China has a huge corruption problem though (whereas the US has a smaller corruption problem). What China spends on paper is very different than what they are actually getting. They've spent multiple years (decades?) trying to get it under control (and largely failing).

There's a good chance a decent chunk of what China says it has either does not exist or is not up to the standards they think it is. Foreign penetration of Chinese military shipbuilding is also pretty good because you can slip it in with all the other corruption.

"The disgraced deputy head of the state-owned firm developing China’s first home-grown aircraft carrier may face the death penalty over his alleged involvement in passing its secrets to foreign intelligence agents."

They even had to arrest their own anti-corruption officer for...taking bribes.

"First to fall was Liu Changhong, the CSIC anti-corruption czar. Fired, expelled from the party, and arrested in September 2017, Liu was accused of accepting bribes and using the convenience of his position to “seek benefits for others in business operations as well as personnel selection and appointment.” "

Their research division was being investigated every two years and each report basically said, "Yup, still highly corrupt" no matter how many people they fired or imprisoned.

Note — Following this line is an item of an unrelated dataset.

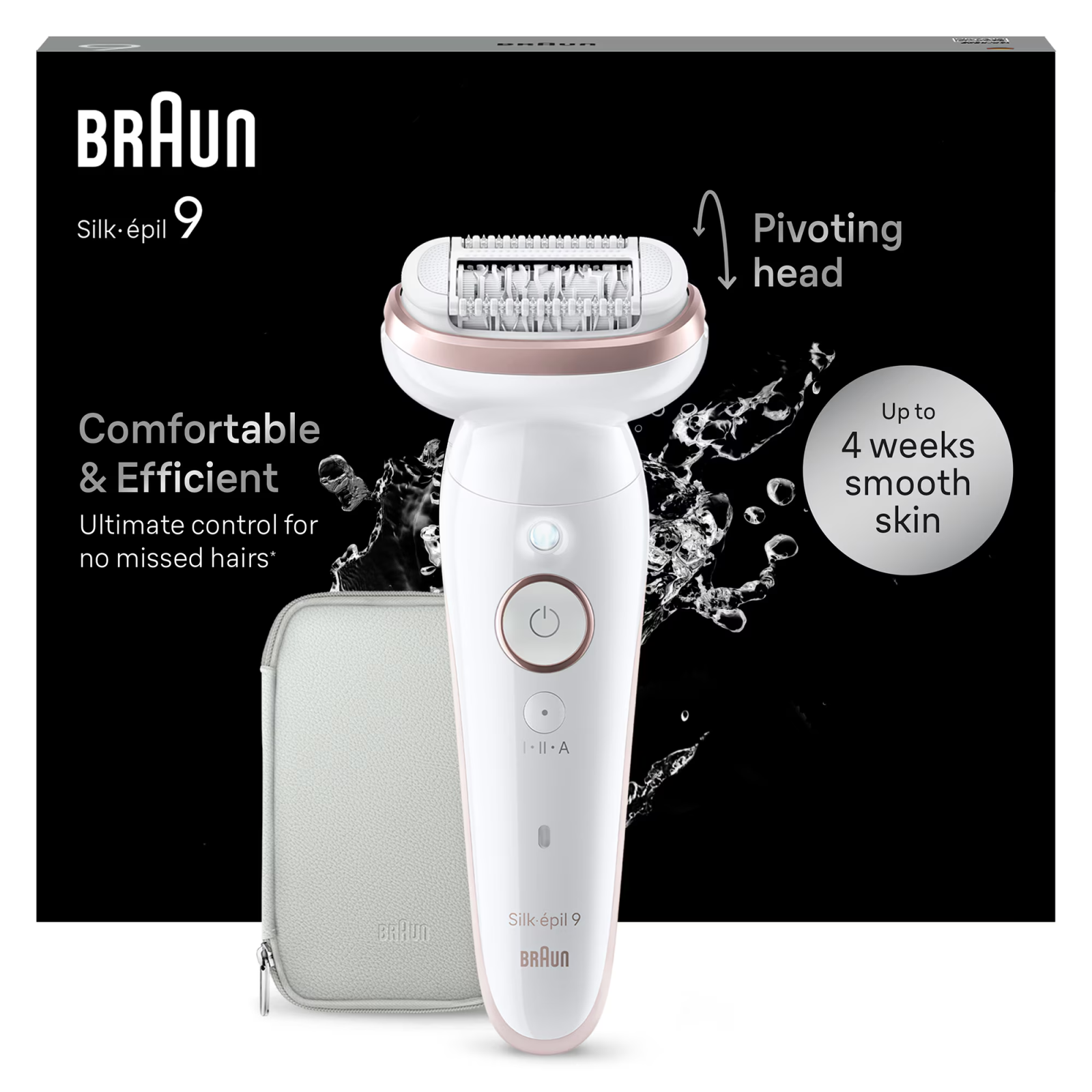 Epilator Braun Silk-épil 9 9-000 Wet & Dry, MicroGrip, Smart Light, 2 viteze, 40 pensete, Geanta de voiaj, Alb/Roz

"CCDI inspectors again found little improvement when they returned for the third time in March 2019. Despite warnings, there were continued violations of Central Committee regulations on proper official conduct. Corruption was still ongoing and laws were regularly broken. "

And there is a reason for that:

If you haven't been in touch with Chinese bureaucracy directly (or Pakistani bureaucracy, my other area of experience) it is difficult to understate just how much graft and falsification goes on and how it is basically just part of the system. Fire someone and replace them and the chances are the replacements are just as corrupt. It's endemic.

I think PPP adjustment for judging military might makes no sense at all. It should probably go the other way: take nominal, and give a bonus to the highest gdp/cap. The richer country has access to technology and intelligence the poorer country cannot buy no matter how cheap the haircuts are. That's where the battle is won. My hypothesis is, highest gdp/cap country wins. e.g. , england's military history. I'd welcome some examples of PPP adjustments more accurately predicting the outcome of a conflict.

I take your point. Certainly China's larger GDP than England in 1700 didn't help them.

I don't think it applies to our current situation. China is the manufacturer of the world. Bringing up haircuts again... Those $80 haircuts in the U.S. might artificially inflate GDP, but it doesn't change the fact that China is making more stuff, and increasingly high quality stuff as well. How sure are you that the U.S. has a major technological advantage (outside of AI).

Are China's planes and missiles at U.S. levels? I think that is the question. U.S. military spending is a red herring. As you implied, it matters which country is producing more and better material. And spending doesn't tell us that. China is capable of making more weapons with their limited spending than we are with our massive spending.

Naturally the only way to tell if China is up to snuff is with a conflict. Let's hope we never find out.